To calculate the performance of each algorithm, several test where made with different quantity of missing data. First of all, it is necessary to remark that, for the results show in the tables, only ten columns of the total dataset have been taking into account. Each column represents a different subject, and the selection was made randomly. In all tests, the percentage of missing data is always the same, 10 %, but the real missing data was varied from 1 to more than three, depending on the test.

Table 1 shows the performance of each algorithm with only 1 value missing in each case. It is possible to appreciate that the AAA algorithm is clearly better than MICE.
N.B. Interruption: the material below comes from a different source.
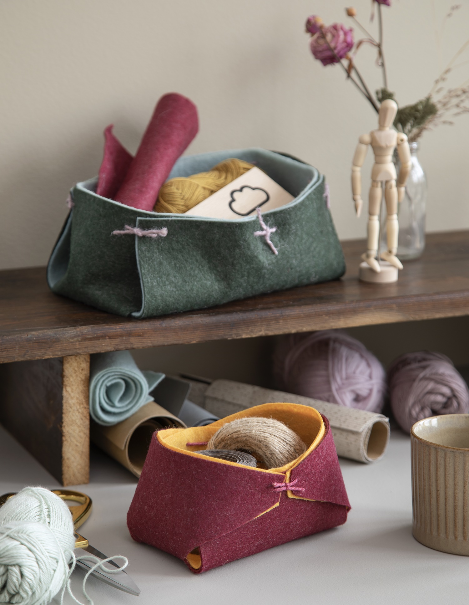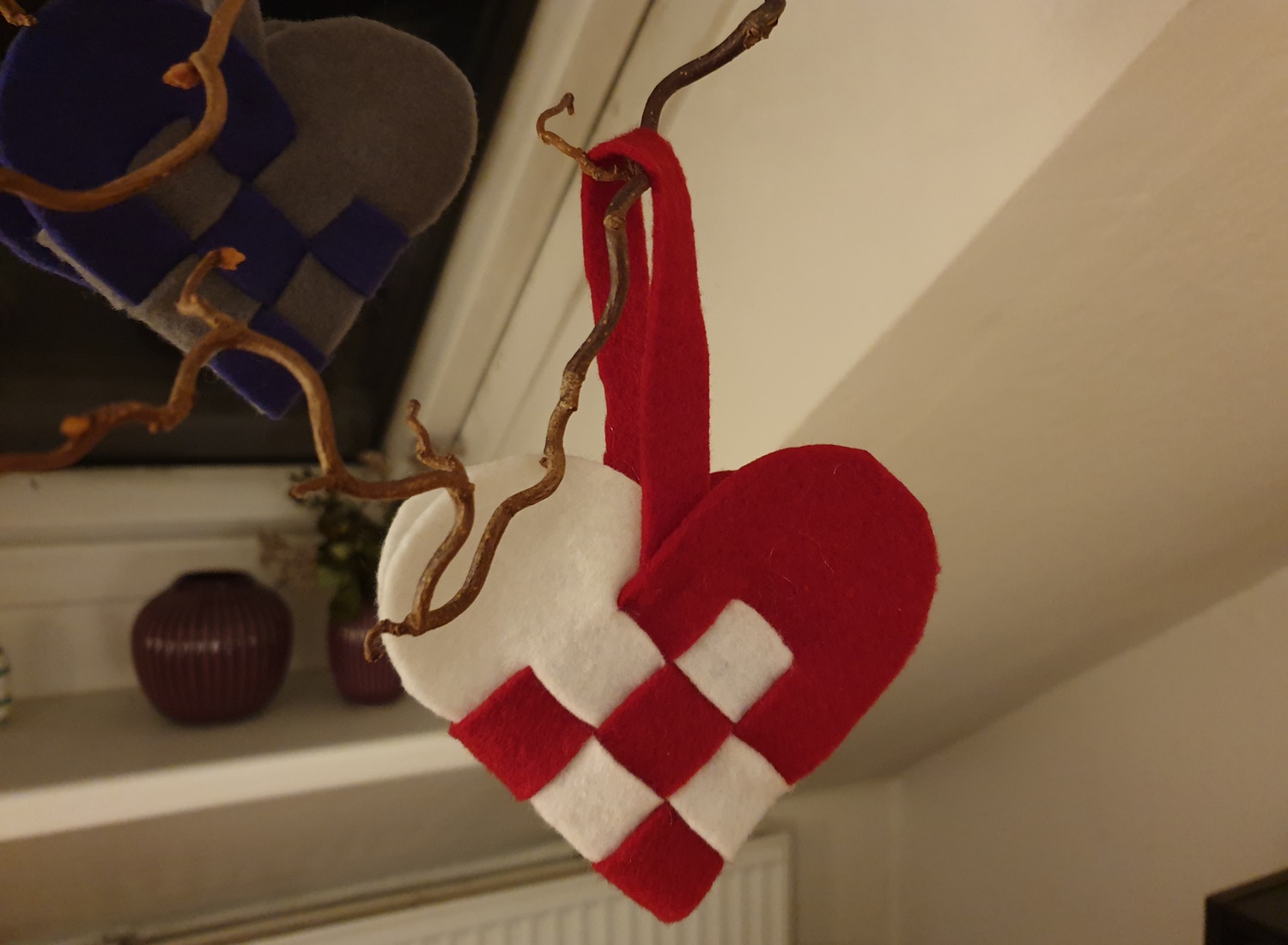 Flettede julehjerter i filt

Table 1. Results for algorithm with 1 missing value

In Table 2, the performance was calculated for 2 missing values. In this case, as in the previous one, the AAA algorithm is clearly better than MICE, but the different between each algorithm performance is reduced.
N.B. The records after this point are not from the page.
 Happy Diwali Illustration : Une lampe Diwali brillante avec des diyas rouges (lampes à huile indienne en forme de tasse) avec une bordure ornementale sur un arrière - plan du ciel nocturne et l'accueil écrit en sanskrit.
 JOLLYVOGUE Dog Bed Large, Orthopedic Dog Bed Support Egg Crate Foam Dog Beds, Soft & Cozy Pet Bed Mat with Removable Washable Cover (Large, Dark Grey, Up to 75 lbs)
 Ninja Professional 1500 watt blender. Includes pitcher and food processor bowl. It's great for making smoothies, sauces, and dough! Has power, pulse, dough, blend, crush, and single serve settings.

Table 2. Results for algorithm with 2 of missing values

The results present in Table 3, shows that when the missing values increase until 3, the MICE algorithm has better performance than the AAA.

Table 3. Results for algorithm with 3 of missing values

With the aim to obtain the best results, a hybrid of the two algorithms was accomplished. The results of this hybrid system are shown in Table 4. In this table, the percentage of missing values is fixed to 10 %, but the number of missing values is random. When the missing values are less than 3 the algorithm selected is the AAA, and the MICE is the chosen one in the other cases.
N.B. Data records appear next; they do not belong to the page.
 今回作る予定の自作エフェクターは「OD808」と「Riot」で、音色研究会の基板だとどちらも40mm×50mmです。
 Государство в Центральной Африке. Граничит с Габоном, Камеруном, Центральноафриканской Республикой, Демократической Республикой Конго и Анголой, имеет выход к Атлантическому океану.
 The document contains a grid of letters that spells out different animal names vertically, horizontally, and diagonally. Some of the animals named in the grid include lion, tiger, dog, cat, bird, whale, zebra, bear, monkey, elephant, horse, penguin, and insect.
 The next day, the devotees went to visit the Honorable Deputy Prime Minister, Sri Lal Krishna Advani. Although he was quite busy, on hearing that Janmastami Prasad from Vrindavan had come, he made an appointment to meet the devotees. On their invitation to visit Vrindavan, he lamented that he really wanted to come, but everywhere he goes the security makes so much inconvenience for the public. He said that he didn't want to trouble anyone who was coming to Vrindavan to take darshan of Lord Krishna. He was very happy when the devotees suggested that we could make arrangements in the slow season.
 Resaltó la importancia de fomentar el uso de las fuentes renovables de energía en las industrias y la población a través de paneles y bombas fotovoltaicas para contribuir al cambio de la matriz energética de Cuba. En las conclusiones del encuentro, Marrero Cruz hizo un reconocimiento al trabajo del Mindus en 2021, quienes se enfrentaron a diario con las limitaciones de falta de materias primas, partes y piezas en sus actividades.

Table 4. Results for algorithm with random missing values and hybrid combination

Figure 1 shows the evolution of the RMSE for the two algorithms and the hybrid combination. The hybrid algorithm is not the best one for every case, but has the values for the RMSE constant independently on the number of missing values. The blue continued line represents the MICE algorithm; the red dotted line means the AAA algorithm, and the black dashed line is the combined algorithm results.

Fig. 1.
figure 1

Plotting of the RMSE values for the algorithms

5 Conclusions

Very good results have been obtained in general terms with the data imputation techniques employed on this study.

It is possible to predict the scores of the students for the three cases contemplated, assuming the data do not exist, and comparing the estimate results with the real dataset. The average of RMSE for MICE was 0.50759 varying from 2.47e-3 to 1.54849; for AAA, the average of RMSE was 0.29130 with a minimum of 3.11e-31 and a maximum of 1.29216. The hybrid combination of these two algorithms achieved 4.92e-3 as average of RMSE, varying from 4.26e-5 to 9.72e-3.

These techniques could be used to predict lacks data and then, accomplish studies about students’ performance taken into account all the cases.

In future research the use of support vector machines (SVM) [26, 27] and hybrid methods [2830] will be explored by the authors in order to find a new algorithm with even higher performance.